キャメロン 400人のなかで笑っているのが自分だけだとしたら、まともじゃないね。ともかく、そんな体験が変わるとは思えない。

 映画をダウンロードしてノートパソコンやiPodで見るスタイルが定着して、ずいぶんになる。しかし、新しいメディアの普及と反比例するように映画館の収益が落ちているわけではない。

 私が映画界に入った80年代前半は、ひどい不景気だった。劇場はビデオに儲けを奪われ、映画産業は青息吐息。まさに激動の時代だったが、やがて業界は安定を取り戻した。激動というのは、いつの間にか落ち着くものなんだ。

 映画は生き残るのか、それとも消えるのか──これが肝心な問いだ。しかし、映画が消えそうな兆候はないし、君と私は10年、20年先も自分が好きな作品を撮り続けているはずだよ。

誤解されるモーションキャプチャー

ジャクソン 同感。最近は配給や配信手段が多様化していて、これが面白い。例えば「Xboxライブ」は映画配信もするオンラインゲームサービスで、莫大な数のユーザーを獲得している。もうすぐ独自の映画コンテンツも製作し始めると思う。
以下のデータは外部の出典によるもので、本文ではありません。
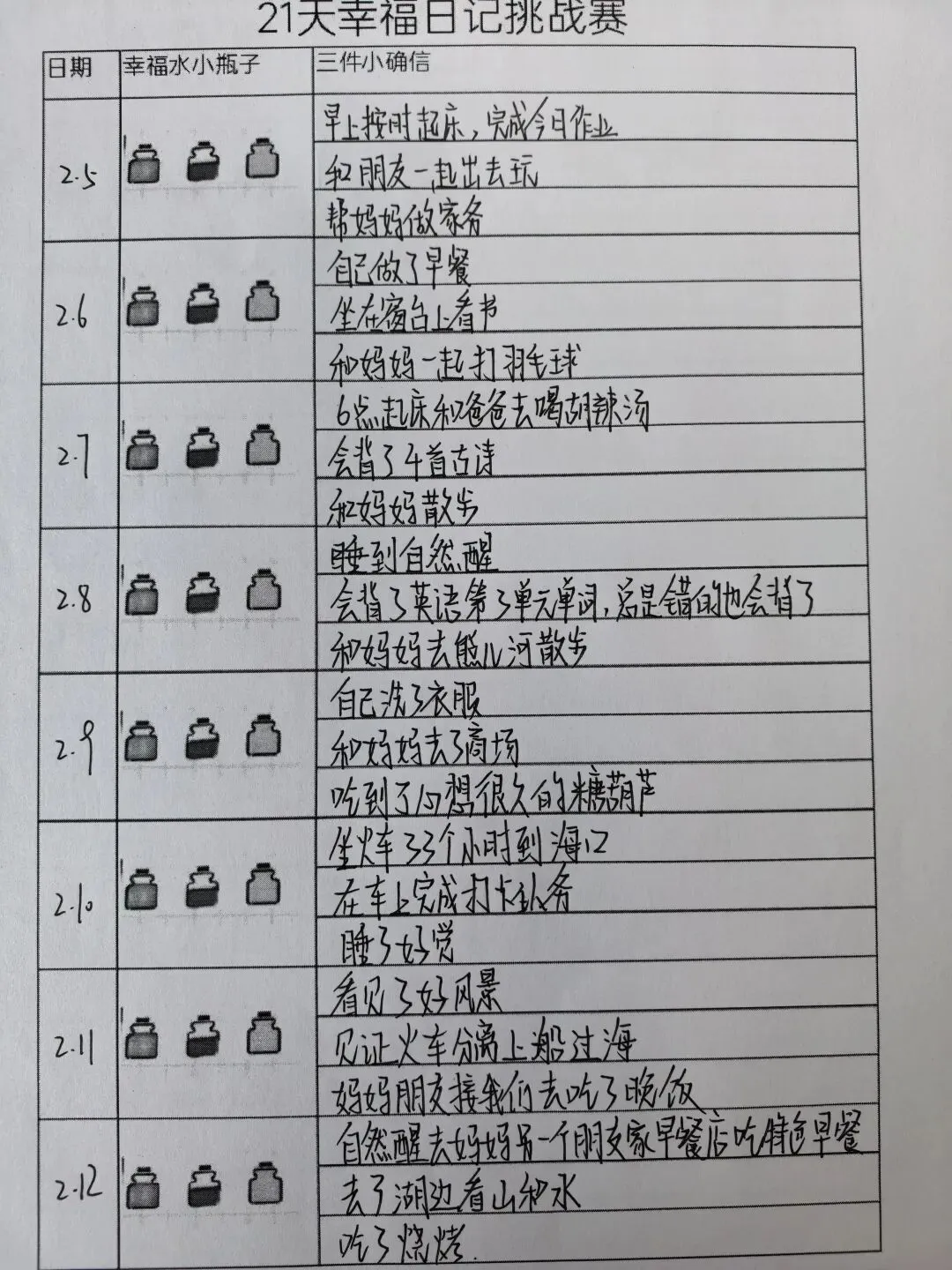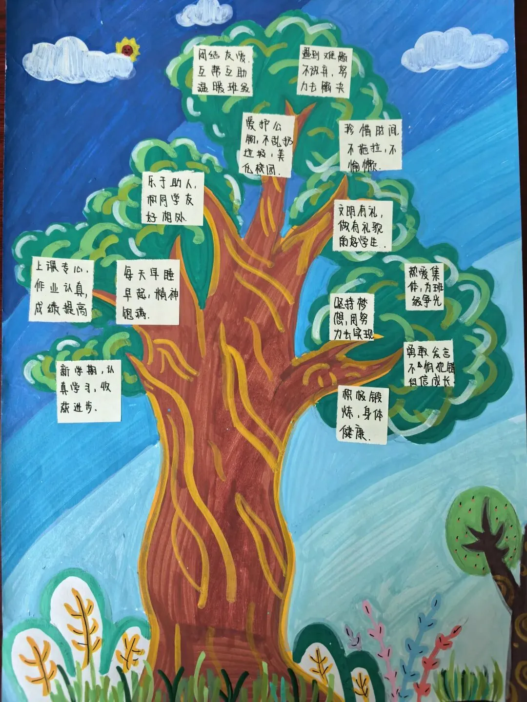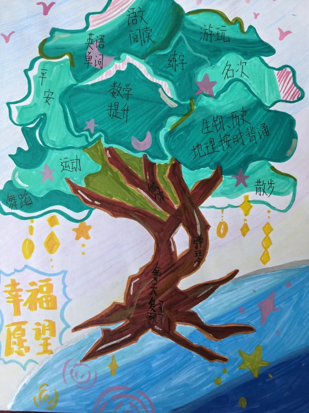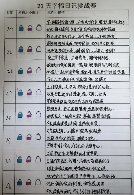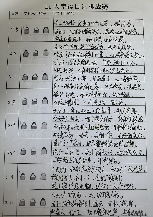 活动期间,学校多元发力、全员覆盖,有序推进五大主题活动。3月1日至10日,发起“一封信”活动,学校发布《致家长一封信》提供家庭教育指导,学生结合自身经历给亲近的人写信,以文字传递温情,感受校园与家庭的关爱。3月5日至13日,各班级召开心理健康主题班会,围绕情绪调节、时间管理等内容,通过互动分享、案例分析等形式,帮助学生舒缓焦虑、调整状态。3月1日起,学校同步开展幸福日记挑战赛,引导学生每日记录3件生活中的“小确幸”,坚持21天培育感恩心态与积极思维。3月1日至6日,组织假期九宫格创作活动,学生以绘画、文字等形式回顾假期美好,汲取成长力量。3月1日至21日,开展新学期幸福树绘制活动,学生通过绘制个人、班级或学校幸福树,寄托新学期期待,为成长赋能。

 チャンスはたくさんあるんだ。それなのに映画界は守りに入っている。勇気を奮って攻めに出ようとする人間はあなたくらいだ。
キャメロン 世間の常識では、批判を物ともせずに新世界へ飛び出す人間をパイオニアと呼ぶんだ。

 いずれにしろ、3Dは定着するだろう。映画が白黒からカラーに変わったときと似ている。映画に色が付いたからといって、キャリアを断たれた俳優はいない。

 やがて観客と映画との一体感を高めようと、ラブストーリーやシリアスドラマに3Dを使う監督が出てくるだろう。今のところ、ハリウッドの大手は夢にも思っていないようだけどね。

ジャクソン 私は10分以内にそれが3Dだってことを忘れてしまうと思う。いい意味でね。3Dの問題点は映像の暗さだけだ。それも技術的問題にすぎないから、簡単に克服できると思う。

キャメロン もう克服した。明るさの問題は技術的に解決している。とてもいい映像になったよ。

ジャクソン 3Dに眼鏡が必要じゃなくなるまで、あとどれくらいかかるのかな?

キャメロン ノートパソコンや、やや小さめのプラズマディスプレイのサイズでうまくいったのを見た。画像が二重に見えないようにするには、自分の頭を正しい位置に持っていく必要がある。でも、みんなきれいな画像を見るためにディスプレイを動かすのには慣れている。それと同じことだ。

 3、4年後には、眼鏡なしで3D映画を見られるiPhoneができるんじゃないかな。もちろん、その前にノートパソコンで見られるようになる。

 最初に売れるのは眼鏡を使えるようにしたディスプレイだろう。使い捨ての眼鏡をたくさん用意して、家でスーパーボウル観戦パーティーもできる。次に眼鏡なしで見られるものが普及するだろう。5年以内にそうなると思う。

ジャクソン 今はまだモーションキャプチャーは誤解されている。

キャメロン 君の『ロード・オブ・ザ・リング』の第2部、第3部に登場したゴラムはモーションキャプチャーの最初の成功例の1つだね。映画の世界に新しいアイデアが突然出現して、人間以外のキャラクターも魂を持てるようになった。

ジャクソン ゴラムとキング・コングで肝心なのは目だった。これまでのCG映画史上で最も素晴らしい目になったと思う。